Part II Point Feature Embedding

 # Point Feature Embedding
        if use_nchw: new_points = tf.transpose(new_points, [0,3,1,2])
        for i, num_out_channel in enumerate(mlp):
            new_points = tf_util.conv2d(new_points, num_out_channel, [1,1],
                                        padding='VALID', stride=[1,1],
                                        bn=bn, is_training=is_training,
                                        scope='conv%d'%(i), bn_decay=bn_decay,
        if use_nchw: new_points = tf.transpose(new_points, [0,2,3,1])

use_ The default value of nchw is false, which is not passed in by the author. The default value is used.
mlp 3D, which is passed in every call. Take frame 1 and layer 1 as examples, mlp=[32, 32, 64].

Part III Pooling in Local Regions

Maximum pooling is adopted

        if pooling=='max':
            new_points = tf.reduce_max(new_points, axis=[2], keep_dims=True, name='maxpool')


A class related to a dataset with various paths, so I find it a little difficult.
Because I think the code of this part is relatively short and easy to understand. The main reason is that a lot of reserve knowledge is insufficient, so I need some background knowledge first. (the text is behind the background knowledge)

background knowledge


glob module is a file operation related module brought by python. It can be used to find files that meet your purpose.
The main method of glob is glob. This method returns a list of all matching file paths. This method requires a parameter to specify the matching path string (the string can be an absolute path or a relative path). The returned file name only includes the file name in the current directory, not the files in the subfolder.

For example:
Get all txt files under drive C
Obtain all jpg files in the specified directory
Detailed examples

Read and write of. npz file

First, introduce the. npy file, which is a special binary format for Numpy. When used, the array will be saved in the file with the extension. npy in the uncompressed original binary format.
npz file is a compressed file that can save multiple arrays to the same file.
For. npz, the main functions used are:

  • np.savez() - save multiple data to one file
  • np.load() - read the file and return an object similar to a dictionary

reference resources: numpy -. npy and. npz files

import numpy as np

# Save multiple arrays to disk
a = np.arange(5)
b = np.arange(6)
c = np.arange(7)
np.savez('test', a, b, c_array=c)  # c_array is the name of array C
# Read array
data = np.load('test.npz')  #Similar to dictionary {'arr_0': a, 'arr_1': b, 'c_array': C}
print('arr_0 : ', data['arr_0'])
print('arr_1 : ', data['arr_1'])
print('c_array : ', data['c_array'])

arr_0 :  [0 1 2 3 4]
arr_1 :  [0 1 2 3 4 5]
c_array :  [0 1 2 3 4 5 6]

shape method in numpy

The shape method in numpy returns the size of an array.

  • a.shape()
  • a.shape.[i] returns the size of dimension I of A
from numpy import *
a = array([[1, 2], [3, 4], [5, 6], [7, 8]])
[[1 2]
 [3 4]
 [5 6]
 [7 8]]
(4, 2)



numpy.random.choice(a, size=None, replace=True, p=None)
Randomly extract numbers from a (as long as it is ndarray, but it must be one-dimensional) and form an array of a specified size
replace:True means the same number can be taken, False means the same number cannot be taken
Array p: corresponding to array a, indicating the probability of taking each element in array A. by default, the probability of selecting each element is the same.
cr: np.random.choice

Why normalize RGB of color

In the neural network, when inputting RGB pictures, it is usually divided by 255 to correspond the pixel value to between 0 and 1.
reference resources: Why should images be normalized in deep learning?
          Grayscale data representation (why divide 255)

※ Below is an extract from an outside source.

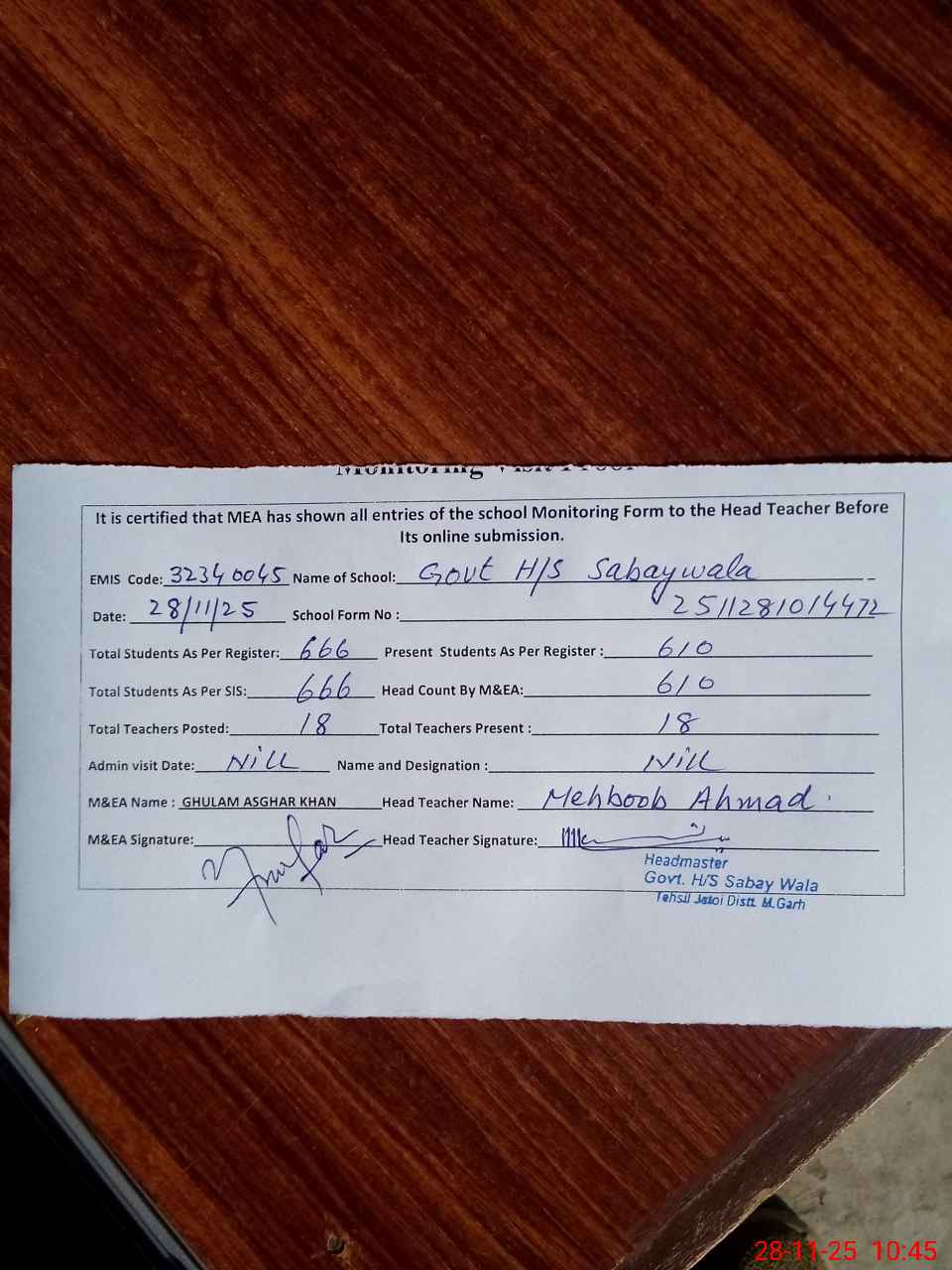 | Attendance Register | Head Teacher | MEA with School | Visit Proof |

In this way, the meaning of this part of the code is relatively clear. npoints represents the number of points retained from the original data, root represents the directory where the data folder is stored, datapath represents finding all TRAIN.npz or TEST.npz from the data folder, and datapath[index] is used to represent the number of npz files.

import os
import os.path
import json
import numpy as np
import sys
import pickle
import glob

class SceneflowDataset():
    def __init__(self, root='data_preprocessing/data_processed_maxcut_35_both_mask_20k_2k', npoints=2048, train=True):
        self.npoints = npoints
        self.train = train
        self.root = root
        if self.train:
            self.datapath = glob.glob(os.path.join(self.root, 'TRAIN*.npz'))  # read file
            self.datapath = glob.glob(os.path.join(self.root, 'TEST*.npz'))
        self.cache = {}
        self.cache_size = 30000

        ###### deal with one bad datapoint with nan value
        self.datapath = [d for d in self.datapath if 'TRAIN_C_0140_left_0006-0' not in d]  # ???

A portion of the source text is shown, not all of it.